**PROBLEM DETAILS:** Down to the last character, repeat the entries beneath this task.
──────── AVAILABLE DATA
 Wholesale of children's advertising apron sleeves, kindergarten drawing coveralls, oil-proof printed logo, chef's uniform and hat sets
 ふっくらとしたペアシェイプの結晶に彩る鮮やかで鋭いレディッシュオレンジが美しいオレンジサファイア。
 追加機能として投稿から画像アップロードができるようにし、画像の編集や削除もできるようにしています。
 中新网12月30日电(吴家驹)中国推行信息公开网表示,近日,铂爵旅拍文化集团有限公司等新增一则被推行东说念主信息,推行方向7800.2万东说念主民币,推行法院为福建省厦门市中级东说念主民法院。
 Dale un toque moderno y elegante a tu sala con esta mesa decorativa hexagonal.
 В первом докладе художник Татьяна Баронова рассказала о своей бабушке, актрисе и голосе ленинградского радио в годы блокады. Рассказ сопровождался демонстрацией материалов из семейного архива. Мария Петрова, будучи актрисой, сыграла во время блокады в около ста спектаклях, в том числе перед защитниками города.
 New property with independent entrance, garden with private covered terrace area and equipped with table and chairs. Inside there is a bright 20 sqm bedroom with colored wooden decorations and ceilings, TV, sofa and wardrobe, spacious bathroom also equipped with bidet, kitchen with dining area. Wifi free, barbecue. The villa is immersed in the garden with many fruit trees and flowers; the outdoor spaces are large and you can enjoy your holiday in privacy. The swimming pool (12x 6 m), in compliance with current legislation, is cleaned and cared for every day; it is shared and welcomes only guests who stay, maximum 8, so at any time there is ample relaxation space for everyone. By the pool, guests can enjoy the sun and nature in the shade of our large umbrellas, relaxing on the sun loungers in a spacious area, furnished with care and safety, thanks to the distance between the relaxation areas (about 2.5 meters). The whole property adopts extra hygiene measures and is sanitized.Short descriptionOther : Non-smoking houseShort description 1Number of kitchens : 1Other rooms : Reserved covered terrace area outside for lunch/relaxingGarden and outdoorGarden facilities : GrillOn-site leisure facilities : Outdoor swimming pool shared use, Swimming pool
────────────────
**RESPONSE:**
 Wholesale of children's advertising apron sleeves, kindergarten drawing coveralls, oil-proof printed logo, chef's uniform and hat sets
 ふっくらとしたペアシェイプの結晶に彩る鮮やかで鋭いレディッシュオレンジが美しいオレンジサファイア。
 追加機能として投稿から画像アップロードができるようにし、画像の編集や削除もできるようにしています。
 中新网12月30日电(吴家驹)中国推行信息公开网表示,近日,铂爵旅拍文化集团有限公司等新增一则被推行东说念主信息,推行方向7800.2万东说念主民币,推行法院为福建省厦门市中级东说念主民法院。
 Dale un toque moderno y elegante a tu sala con esta mesa decorativa hexagonal.
 В первом докладе художник Татьяна Баронова рассказала о своей бабушке, актрисе и голосе ленинградского радио в годы блокады. Рассказ сопровождался демонстрацией материалов из семейного архива. Мария Петрова, будучи актрисой, сыграла во время блокады в около ста спектаклях, в том числе перед защитниками города.
 New property with independent entrance, garden with private covered terrace area and equipped with table and chairs. Inside there is a bright 20 sqm bedroom with colored wooden decorations and ceilings, TV, sofa and wardrobe, spacious bathroom also equipped with bidet, kitchen with dining area. Wifi free, barbecue. The villa is immersed in the garden with many fruit trees and flowers; the outdoor spaces are large and you can enjoy your holiday in privacy. The swimming pool (12x 6 m), in compliance with current legislation, is cleaned and cared for every day; it is shared and welcomes only guests who stay, maximum 8, so at any time there is ample relaxation space for everyone. By the pool, guests can enjoy the sun and nature in the shade of our large umbrellas, relaxing on the sun loungers in a spacious area, furnished with care and safety, thanks to the distance between the relaxation areas (about 2.5 meters). The whole property adopts extra hygiene measures and is sanitized.Short descriptionOther : Non-smoking houseShort description 1Number of kitchens : 1Other rooms : Reserved covered terrace area outside for lunch/relaxingGarden and outdoorGarden facilities : GrillOn-site leisure facilities : Outdoor swimming pool shared use, Swimming pool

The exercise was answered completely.